Closed
Description
Issue Type
Usability
Modules Involved
SPU runtime
Have you reproduced the bug with SPU HEAD?
Yes
Have you searched existing issues?
Yes
SPU Version
spu 0.9.0b1
OS Platform and Distribution
Linux
Python Version
3.10
Compiler Version
No response
Current Behavior?
Why plaintext calculation is ok while SPU simulation failed? I don't think I'm performing any sophisticated calculation.

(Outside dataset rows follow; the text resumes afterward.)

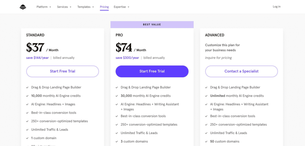 Leadpages earns praise for its simplicity and speed. Its standout features include: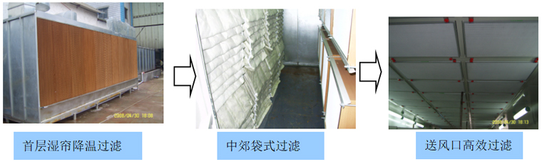 鲜风-湿帘降温除温-汽水分离-初效过滤器-袋式中效过滤器-有隔板中效过滤--风机-供风天井高效过滤器-涂装车间 ,可接净化等级要求配制过滤层数量与过滤精度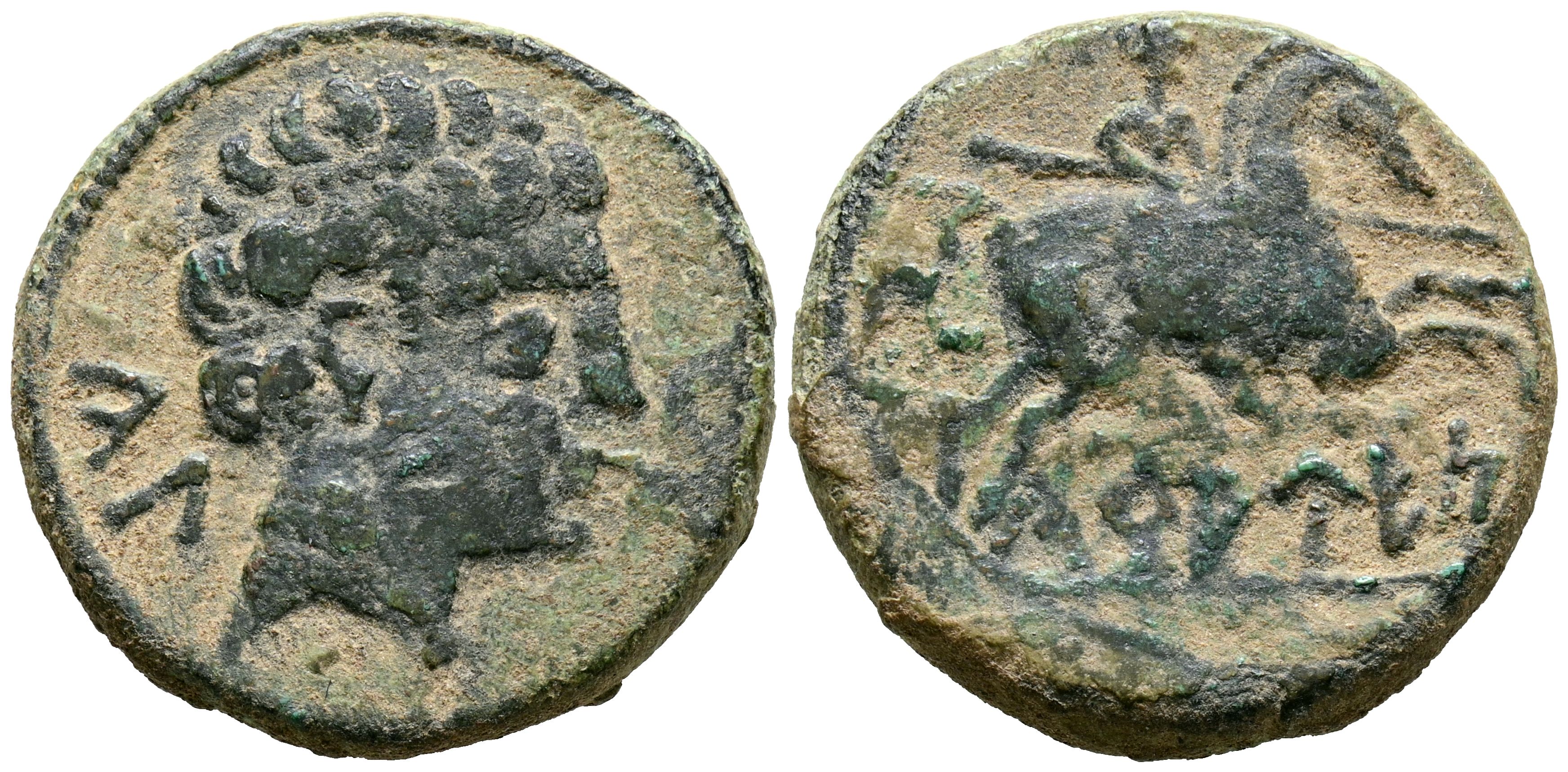 CARAUES (Magallón, Zaragoza). As. (Ae. 10.38g/24mm). 120-80 Fine (FAB-438). Anv: Male head to the right, behind letters: CaL, in front a dolphin. Rev: Horseman with lance to the right, below Iberian legend: CaRAUES. VF-. Rare specimen.

Standalone code to reproduce the issue
A = np.array([[-4.16757847e-01, -5.62668272e-02, -2.13619610e+00,
1.64027081e+00, -1.79343559e+00, -8.41747366e-01,
5.02881417e-01, -1.24528809e+00, -1.05795222e+00,
-9.09007615e-01],
[ 5.51454045e-01, 2.29220801e+00, 4.15393930e-02,
-1.11792545e+00, 5.39058321e-01, -5.96159700e-01,
-1.91304965e-02, 1.17500122e+00, -7.47870949e-01,
9.02525097e-03],
[-8.78107893e-01, -1.56434170e-01, 2.56570452e-01,
-9.88779049e-01, -3.38821966e-01, -2.36184031e-01,
-6.37655012e-01, -1.18761229e+00, -1.42121723e+00,
-1.53495196e-01],
[-2.69056960e-01, 2.23136679e+00, -2.43476758e+00,
1.12726505e-01, 3.70444537e-01, 1.35963386e+00,
5.01857207e-01, -8.44213704e-01, 9.76147160e-06,
5.42352572e-01]])
B = np.array([[-0.3135082 , 0.77101174, -1.86809065, 1.73118467, 1.46767801,
-0.33567734, 0.61134078, 0.04797059, -0.82913529, 0.08771022],
[ 1.00036589, -0.38109252, -0.37566942, -0.07447076, 0.43349633,
1.27837923, -0.63467931, 0.50839624, 0.21611601, -1.85861239],
[-0.41931648, -0.1323289 , -0.03957024, 0.32600343, -2.04032305,
0.04625552, -0.67767558, -1.43943903, 0.52429643, 0.73527958],
[-0.65325027, 0.84245628, -0.38151648, 0.06648901, -1.09873895,
1.58448706, -2.65944946, -0.09145262, 0.69511961, -2.03346655]])
C = np.array([[-0.18946926, -0.07721867, 0.82470301, 1.24821292, -0.40389227,
-1.38451867, 1.36723542, 1.21788563, -0.46200535, 0.35088849],
[ 0.38186623, 0.56627544, 0.20420798, 1.40669624, -1.7379595 ,
1.04082395, 0.38047197, -0.21713527, 1.1735315 , -2.34360319],
[ 1.16152149, 0.38607805, -1.13313327, 0.43309255, -0.30408644,
2.58529487, 1.83533272, 0.44068987, -0.71925384, -0.58341459],
[-0.32504963, -0.56023451, -0.90224607, -0.59097228, -0.27617949,
-0.51688389, -0.69858995, -0.92889192, 2.55043824, -1.47317325]])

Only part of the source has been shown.